К сожалению, дискуссия была прервана (видимо, из-за отсутствия новых аргументов). Американская и международная психиатрические систематики преследуют прежде всего статистические цели, они атеоретичны, ориентированы на воспроизводимость диагнозов, и поэтому не могут рассматриваться в качестве завершающего итога в развитии концептуальных психиатрических взглядов. Сформировавшиеся в нашей стране взгляды на классификацию психических болезней рассматриваются отечественными психиатрами как предмет гордости, который не нуждается в обосновании и не может быть подвергнут сомнениям (разве только небольшим уточнениям).

На сегодняшний день, оценивая перспективы нозологического и синдромологического, а также полностью заброшенного симптоматологического направлений, оправдано сделать ряд заключений.

В качестве преамбулы следует резюмировать некоторые понятия. При функциональной патологии (т.е. психопатологическом диатезе и шизофрении) на фоне незначительных аномалий структуры (преимущественно на уровне ультрамикроскопии), которые постоянны или относительно мало изменяемы, возникают динамически разнообразные расстройства психического функционирования, в основном и определяющие картину заболевания. В таких случаях изменения функционирования явно превалируют над структурными аномалиями. Здесь подразумевается также генетически детерминированная (наследственная) предрасположенность к патологии, что Крепелин именовал эндогенностью и что не исключает дополнительного значения психогенных или соматогенных влияний. Первичные нарушения при эндогениях предполагаются в головном мозге. При органических заболеваниях функциональный компонент не является главным, поскольку клиническая картина и прогноз прямо зависят от локализации и массивности структурных изменений. В случаях экзогений (психических расстройств интоксикационного и инфекционного происхождения), подразумевающих первопричину вне головного мозга, основное – расстройство психических функций вкупе с соматическими нарушениями, причём наследственная предрасположенность отсутствует. Поскольку существенных структурных изменений в нервной ткани головного мозга здесь нет, экзогении правильнее было бы обозначить экзогенно-функциональной патологией, если бы не традиция и возможные (хотя и не обязательные) существенные органические нарушения в других, помимо мозга, органах или системах. Сопоставление функциональных расстройств и экзогенно-органических противопоставляет, соответственно, психопатологический диатез и шизофрению остальным нарушениям психики, происхождение которых обусловлено сомато-неврологической патологией.

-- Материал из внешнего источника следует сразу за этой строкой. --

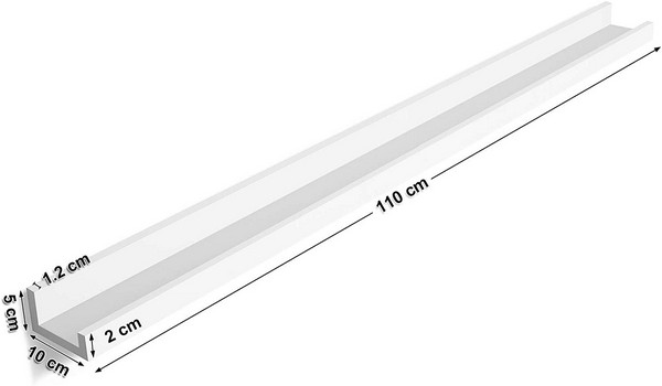 Hylde i træ - væghængt svævende u-formet træhylde - hvid væghylde - boghylde 115 x 10 x 5/2 cm:
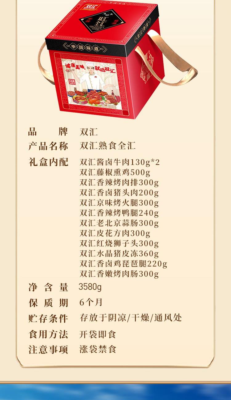 双汇酱卤牛肉130g 双汇酱卤牛肉130g 双汇藤椒熏鸡500g 双汇香辣烤肉排300g 双汇香卤猪头肉200g 双汇京味烤火腿300g 双汇香辣烤鸭腿240g 双汇老北京蒜肠300g 双汇碗装红烧肉300g 双汇红烧狮子头300g 双汇水晶猪皮冻360g 双汇香卤鸡琵琶腿220g 双汇香嫩烤肉肠300g
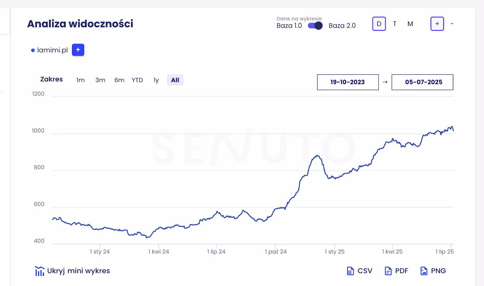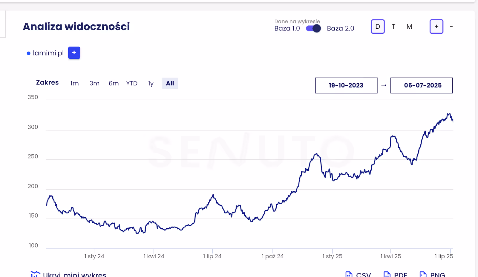 Przed rozpoczęciem naszych działań (lipiec 2023 - kwiecień 2024) - widoczność utrzymywała się na stosunkowo niskim i niestabilnym poziomie - oscylowała w granicach 400-500 punktów (na skali 1200) oraz 100-150 punktów (na skali 350). Widać krótkotrwałe wzrosty i spadki, ale bez wyraźnego trendu. Od momentu przejęcia działań przez nas w kwietniu 2024 roku, obserwujemy spektakularny i niemal nieprzerwany wzrost widoczności.
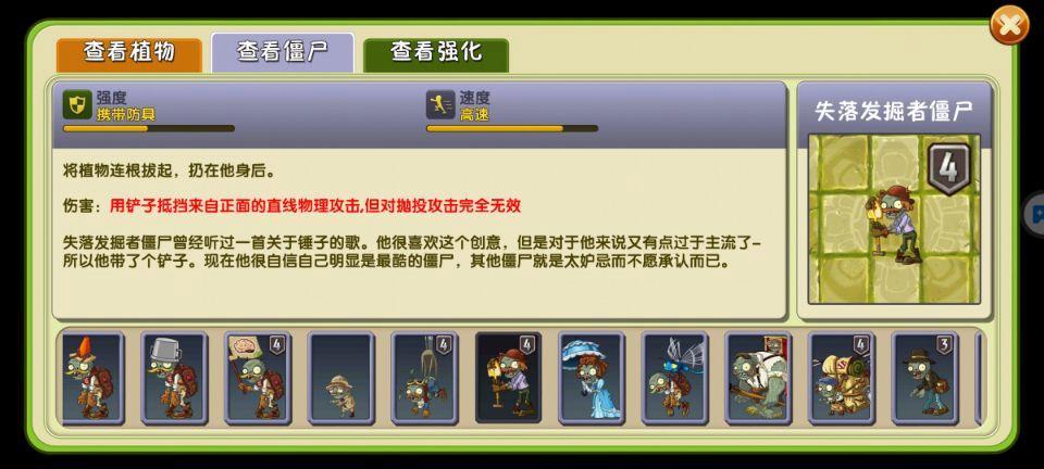 1、铲子僵尸即失落发掘者僵尸,可将植物连根拔起,扔在他身后,用铲子抵挡来自正面的直线物理攻击,但对抛投攻击完全无效。
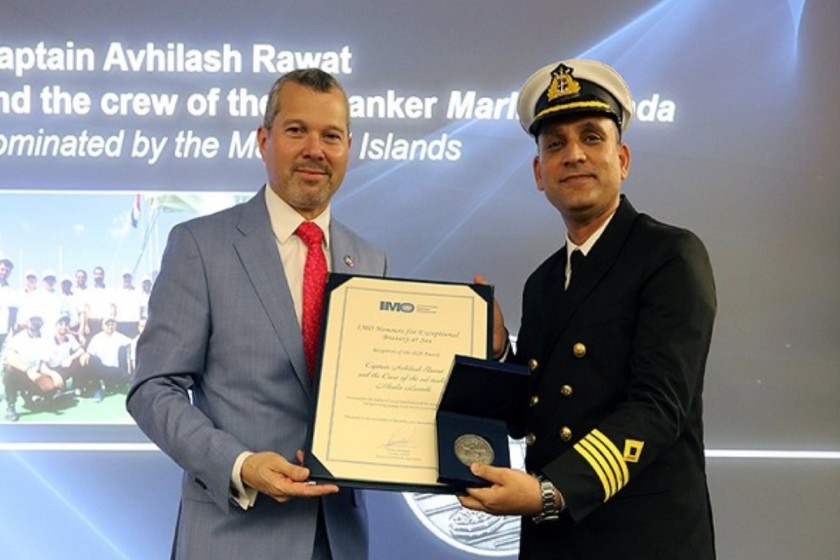 Rawat accepted this honor on behalf of his crew from the oil tanker Marlin Luanda at a ceremony held at the IMO headquarters in London.

1. По настоящему значимые, безусловные, т.е. первичные симптомы психических расстройств совсем не многочисленны. Их список короче, чем перечень психиатрических синдромов. Это двухкомпонентные нарушения эмоций (депрессивный, маниакальный и тревожный аффекты), когнитивной деятельности (бред), восприятия (галлюцинации, психический автоматизм, сенестопатии). Это искажение эмоций (деперсонализация), когнитивной деятельности (расстройства формального мышления), восприятия (иллюзии, психосенсорные расстройства). Это негативные нарушения эмоциональности (астения, эмоциональная дефицитарность), расстройство организации когнитивной деятельности (некритичность), интеллектуальная парциальная или общая недостаточность, уменьшение объёма восприятия. Кроме того, психическая патология часто приводит к функциональным неврологическим расстройствам (вегетативной, кататонической и конверсионной симптоматике). Подробнее см. (2).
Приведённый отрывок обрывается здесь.